Mongfinder General wrote: » As long as there’s gullible fools, there’ll be minge bags like that to take advantage of you. A hungry fcuk.
Dan Jaman wrote: » I leave my bins out by the side of the road full-time.
AndrewJRenko wrote: » You use public space for storing your private property? Ultimate stinge...
Dan Jaman wrote: » Hardly a stinge if I own the part of the road in question.
Quazzie wrote: » You own the road? You must be very rich.
Dan Jaman wrote: » Many, if not most, houses that border country roads own the road out to the centre line. This is a pure technicality, as the Council takes it over for the common good. I'm not a lawyer, so there's likely a more involved legal explanation about the circumstances and the law relating to it. If I decided to take full ownership of my part of the road, I'd be liable for its upkeep and damages should anyone trip in a pothole, for example. In that regard, the Council are welcome to it, and I regard it as an equitable trade-off. I get to travel on mostly decent tarmac to the shops in return, while traversing hundreds of other people's roads.
amber69 wrote: » Other way around AFAIK. Council own about 6ft from the road into your property.
Dan Jaman wrote: » Not in my case, they don't. I checked the deeds, and it's exactly as I said. What you likely mean is that the Council take over enough land to enable the road, and that would likely include a strip adjacent to the actual tarmac surface. "Take over" is the operative term - they don't actually own it, I do.
Quazzie wrote: » Try leave your car parked on the road out touching the line, and see how far your deeds get you when it's taken away. :rolleyes:
Surreptitious wrote: » I know I have said this before but my housemate has been drying her clothes free for over two years now. She refuses to put money in to feed the machine. I was going to wash a load of clothes this evening but she decided to use the dryer. There was no money left in it yet she still put her clothes in and turned it on to get the very last maybe four minutes out of it before it shut off. So her clothes are in there now and still wet? She knows full well she needed to put money in for it to work yet she refuses to part with two euros? I am ashamed for her at this stage. There is no level of scab low enough to describe her.
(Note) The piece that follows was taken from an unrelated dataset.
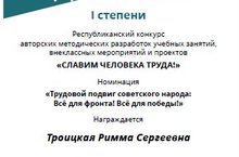 В рамках реализации задач Стратегии развития воспитания обучающихся в республике Татарстан на 2015-2025 годы и в связи с объявлением 2021 года в Республике Татарстан Годом родных языков и народного единства с 11 января по 15 марта 2021 года в республике проходил конкурс авторских методических разработок «Славим человека труда». Конкурс организован Институтом развития образования Республики Татарстан. В проекте приняла участие Рима Троицкая, педагог дополнительного образования МБУДО «Центр дополнительного образования». Сегодня подведены итоги конкурса. Методическая разработка музейного урока Римы Сергеевны «Всё для фронта, всё для победы» заняла 1 место.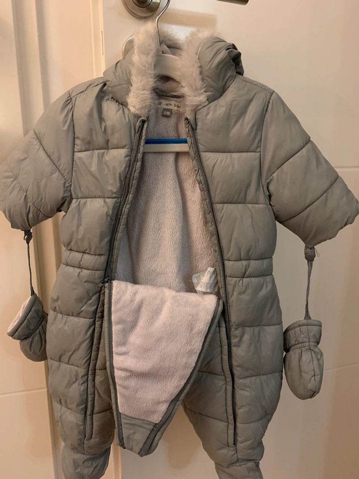 Combinaison 3 mois intérieur en polaire avec moufles s’ouvre par le devant jusqu’aux pieds

Bosco13 wrote: » Our petrol station had a tyre gauge machine that you put 20p into and it activated the air pump for a few minutes. One day this old sod parked right up my arse, hoping to get my remaining time and I had to reverse out on to the main road, not being able to see properly because his car was blocking me. Wish I'd just sat there til my time ran out.
Dan Jaman wrote: » The sort of miserable git who'd never buy an air pencil guage of his own, let alone a footpump at the minimum. It's hardly surprising there are thousands of cars on the road with dangerously under-inflated tyres.
4ensic15 wrote: » Anyone selling petrol or diesel should be forced to supply free air. It is ridiculous that road safety is disincentivised by charging for air.
Dan Jaman wrote: » There is a real cost to supplying 'free' air. Compressors aren't cheap, and every forecourt loses (has stolen) a couple of inflator gauges per year. Luckily for me, my local garages aren't charging yet, but I was used to paying for it in England more than 20 years ago, so if it happens, it happens. It's not the end of the world. I always carry a pencil pressure gauge, and have a compressor in my own garage, so not really that likely to need it. The real stinges are the ones who piggy-back on others' air payment.